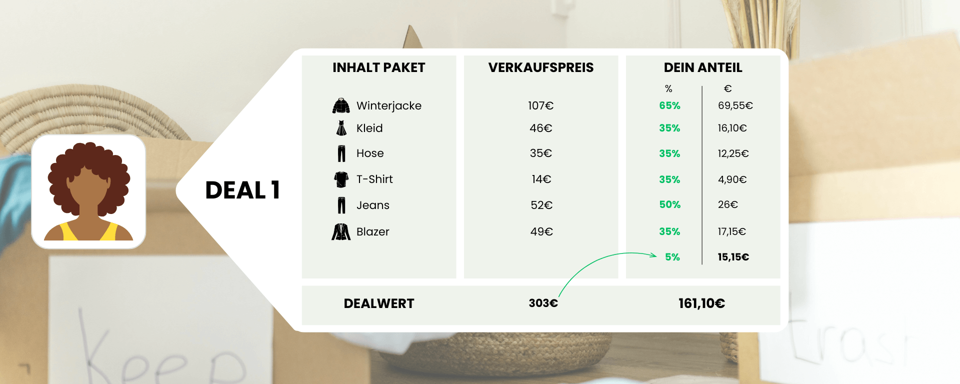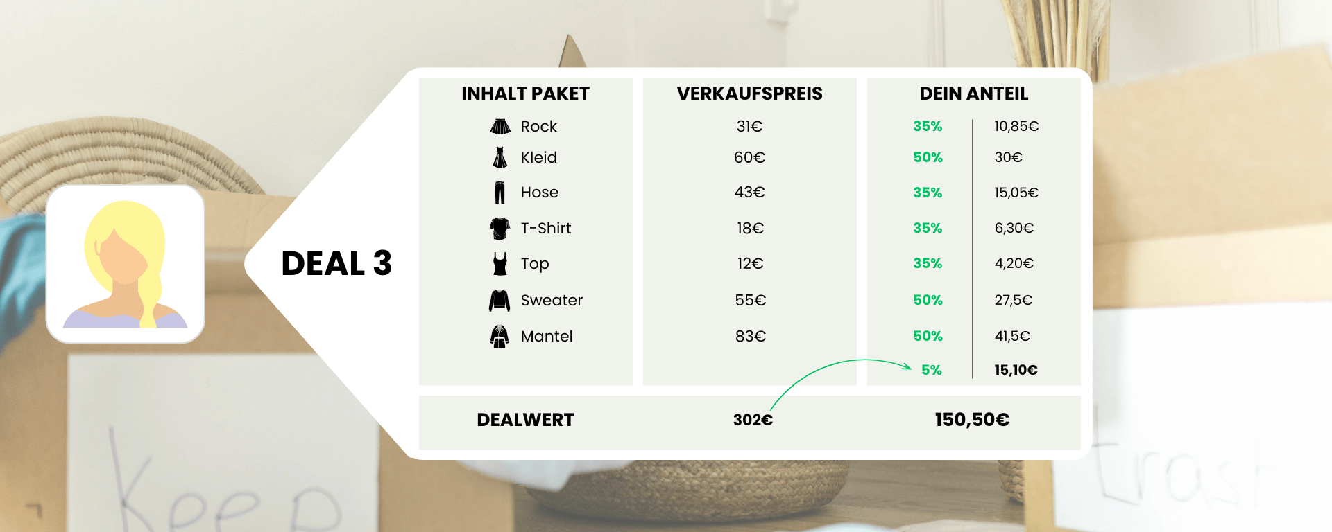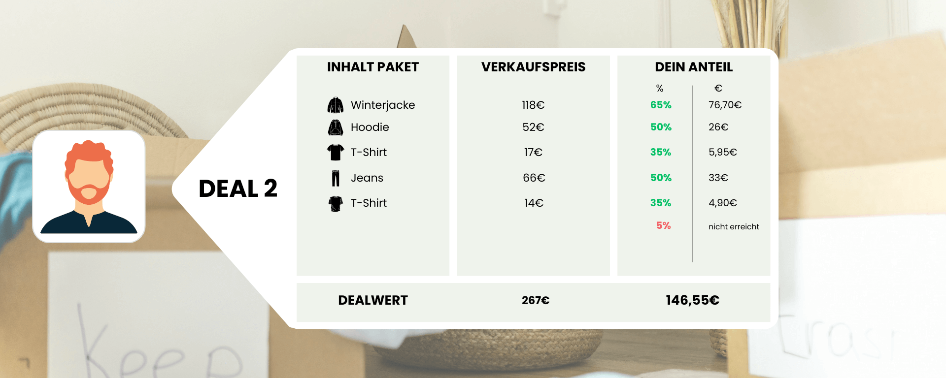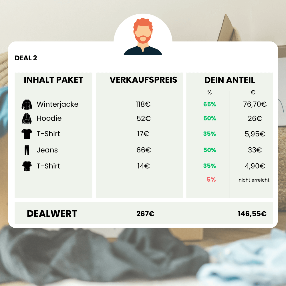 In Stufe 2 schauen wir uns dein gesamtes Deal-Paket nach erfolgtem Verkauf an. Wenn wir mit deinem Deal-Paket in Summe mehr als 300,00€ erzielen konnten, erhältst du noch einmal 5% Bonus auf die Summe der erzielten Verkaufspreise!
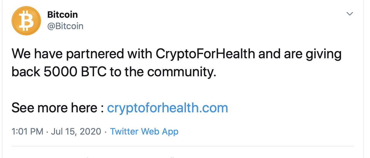 It seems like some Twitter API posting service has been compromised and being used to send out fake "giveaway" tweets from popular crypto/blockchain accounts. "CryptoForHealth" is a scam.
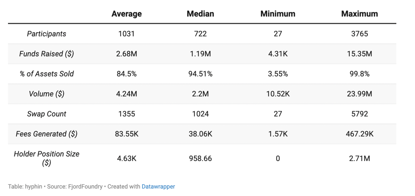 事实证明,代币发行通常为投机者提供有利可图的机会,让他们可以快速获利或以优惠价格获得长期头寸。要确定 LBP 是否也是如此,可以使用 Fjord 上的最终资产价值作为参考,以去中心化交易所的交易活动来计算平均值和中位数表现。
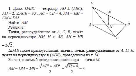Для того чтобы дать полноценный ответ, был привлечен специалист, который хорошо разбирается требуемой тематике "ЕГЭ (школьный)". Ваш вопрос звучал следующим образом: В тетраэдре DABC AD ⊥ ABC, AD = 2, ∠ ACB = 90°, AC = CB = 4. Точка М равноудалена от всех вершин тетраэдра. Найдите расстояния от этой точки до вершин тетраэдра.
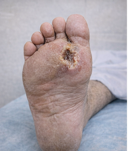 Diabetic foot ulcers are a leading cause of non-traumatic lower-limb amputations and reflect systemic disease severity rather than a localized problem alone. Peripheral neuropathy plays a central role by allowing repetitive unrecognized trauma, while infection accelerates tissue destruction and systemic complications [4].
━━━━━━
WORK REQUIRED
Output, exactly and without pictures, the span of lines that starts at the line containing "Для того чтобы" and ends at the last line above.

TASK RESULT
Для того чтобы дать полноценный ответ, был привлечен специалист, который хорошо разбирается требуемой тематике "ЕГЭ (школьный)". Ваш вопрос звучал следующим образом: В тетраэдре DABC AD ⊥ ABC, AD = 2, ∠ ACB = 90°, AC = CB = 4. Точка М равноудалена от всех вершин тетраэдра. Найдите расстояния от этой точки до вершин тетраэдра.
 Diabetic foot ulcers are a leading cause of non-traumatic lower-limb amputations and reflect systemic disease severity rather than a localized problem alone. Peripheral neuropathy plays a central role by allowing repetitive unrecognized trauma, while infection accelerates tissue destruction and systemic complications [4].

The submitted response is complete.